Bug 755562

Summary: External watchdog kills /distribution/install test in jobs
Product: [Retired] Beaker Reporter: Jan Ščotka <jscotka>
Component: schedulerAssignee: Nick Coghlan <ncoghlan>
Status: CLOSED INSUFFICIENT_DATA QA Contact:
Severity: high Docs Contact:
Priority: high    
Version: 0.6CC: azelinka, bpeck, dcallagh, mcsontos, mishin, rmancy, stl
Target Milestone: ---   
Target Release: ---   
Hardware: Unspecified   
OS: Unspecified   
Whiteboard: MC
Fixed In Version: Doc Type: Bug Fix
Doc Text:
Story Points: ---
Clone Of: Environment:
Last Closed: 2012-11-07 07:22:36 UTC Type: ---
Regression: --- Mount Type: ---
Documentation: --- CRM:
Verified Versions: Category: ---
oVirt Team: --- RHEL 7.3 requirements from Atomic Host:
Cloudforms Team: --- Target Upstream Version:

Description Jan Ščotka 2011-11-21 13:34:18 UTC
Description of problem:
It seems that test not finished at proper time, then is okay kill it, but it is killed by external watchdog instead of internal (local) one.
I don't know what causes it, but for me it seems that it is not caused by one test .
It also appeared in /distribution/install test, what is very unpleasant (Unable to see whats wrong).

Affected is only RHEL5 (5.7, 5.8) not RHEL6.
see jobs:
https://beaker.engineering.redhat.com/jobs/159678
https://beaker.engineering.redhat.com/jobs/159125
https://beaker.engineering.redhat.com/jobs/158535

I'm not sure it it is a bug of beaker, or some component causes this strange behaviour (ntp, anaconda).
   Honza

Comment 1 Marian Csontos 2011-11-21 14:10:39 UTC
To me looks like an infrastructure problem: I went through few of the links and have not found any aborted recipe where installation had completed.

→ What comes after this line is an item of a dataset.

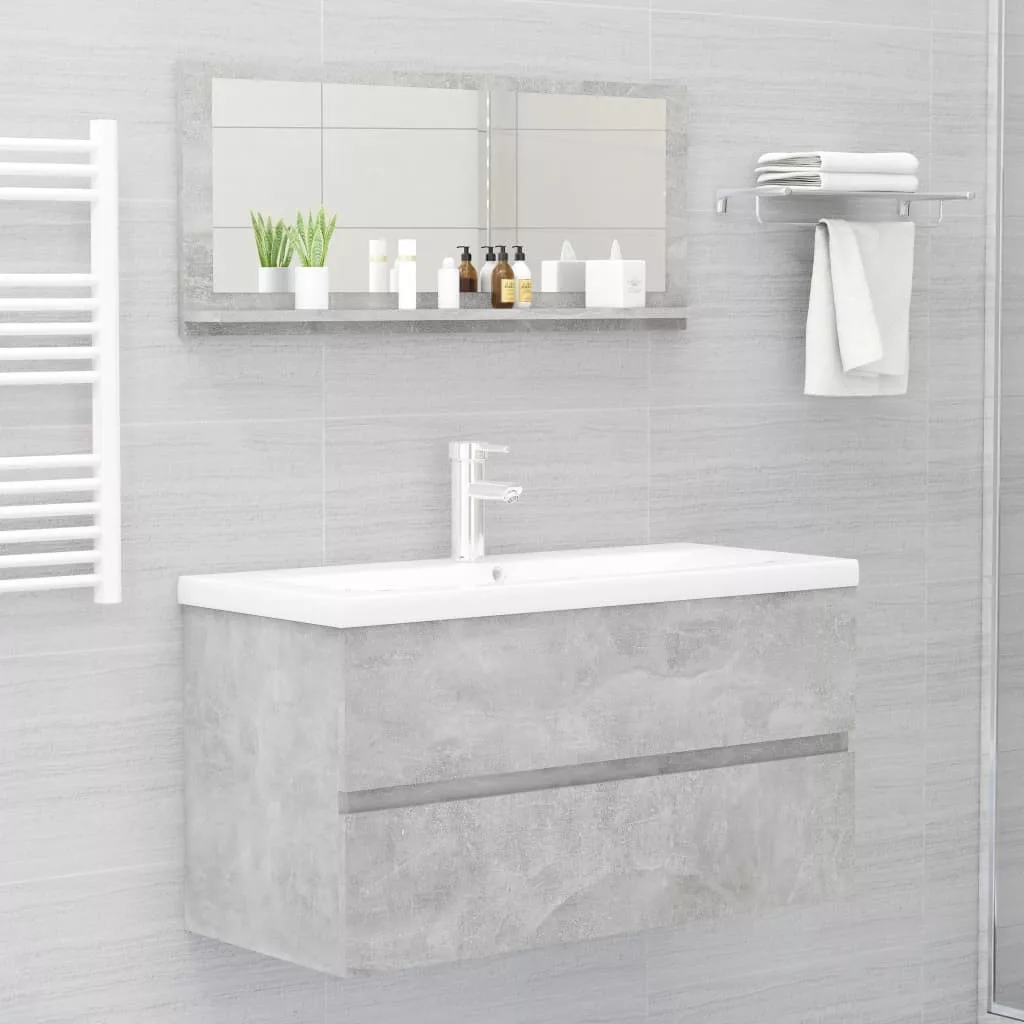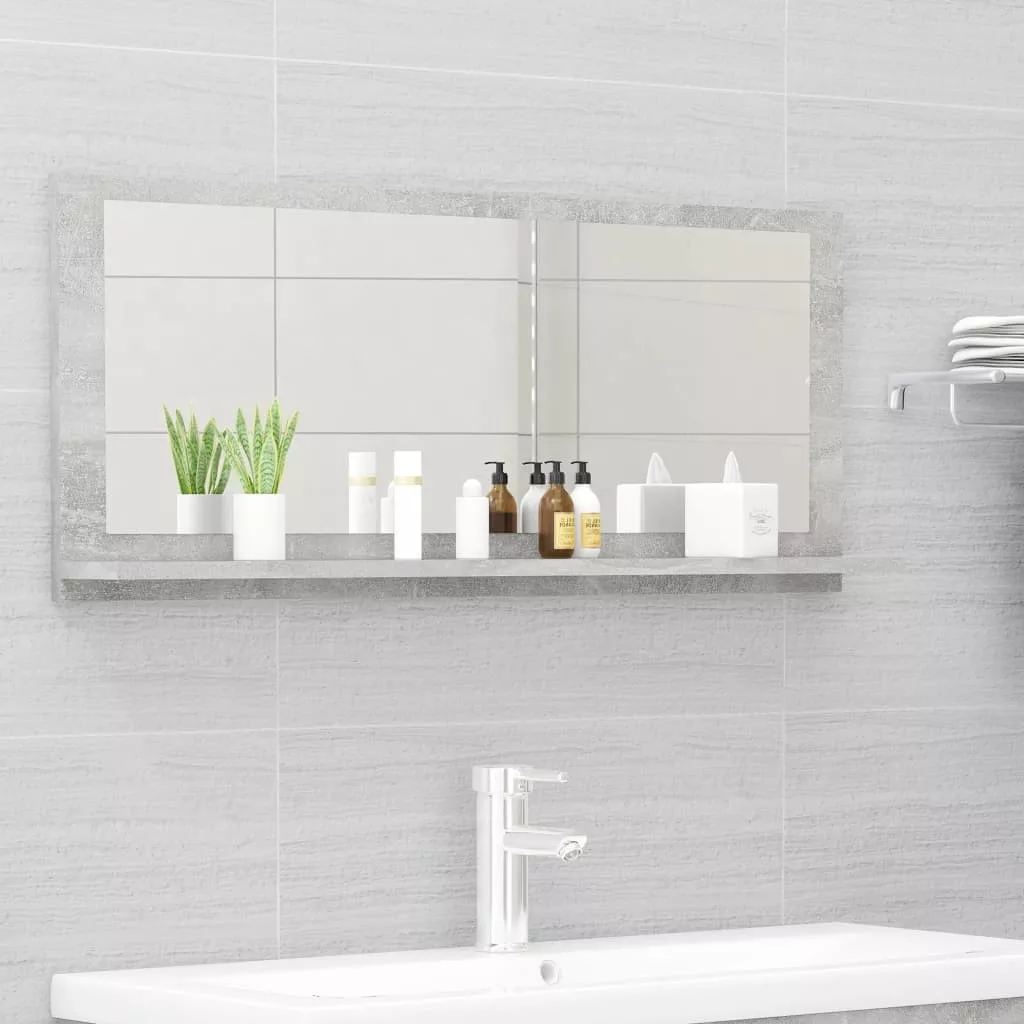 betonszürke forgácslap fürdőszobai tükör 90 x 10,5 x 37 cm

Contact eng-ops to investigate, please.

Comment 3 Marian Csontos 2011-11-21 15:28:28 UTC
Out of these:

- two s390 systems have not survived reboot after local watchdog:

00: HCPGSP2629I The virtual machine is placed in CP mode due to a SIGP stop from 
 CPU 01. 
01: Storage cleared - system reset. 
01: zIPL v1.8.1-16.el5 interactive boot menu 
01: 
01:  0. default (linux-1) 
01: 
01:  1. linux-1 
01:  2. linux-2 
01: 
01: Note: VM users please use '#cp vi vmsg <input>' 
01: 
01: Please choose: 

Not sure what the issue is but to me looks like a system settings thing - go to eng-ops please.


- the ia64 ended with very strange errors on console - this ended up with a mess and I have no clue what had happened. Could be external storage outage?

http://beaker-archive.app.eng.bos.redhat.com/beaker-logs/2011/11/1591/159125/332668/console.log

First some "Text file busy" messages, followed by few syntactic errors and at the end Bus error reported:

/usr/bin/rhts-test-runner.sh: line 48: /bin/mv: Text file busy 
/usr/bin/rhts-test-runner.sh: line 51: 30913 Bus error               rm -f /mnt/testarea/_TESTOUT.log


- and the remaining one is without any clues at all.

Clone and report whether reproducible, please.

Comment 4 Nick Coghlan 2012-10-17 04:34:10 UTC
Bulk reassignment of issues as Bill has moved to another team.

Comment 5 Min Shin 2012-11-07 07:22:36 UTC
This bugs is closed as it is either not in the current Beaker scope or we could not find sufficient data in the bug report for consideration.
Please feel free to reopen the bug with additional information and/or business cases behind it.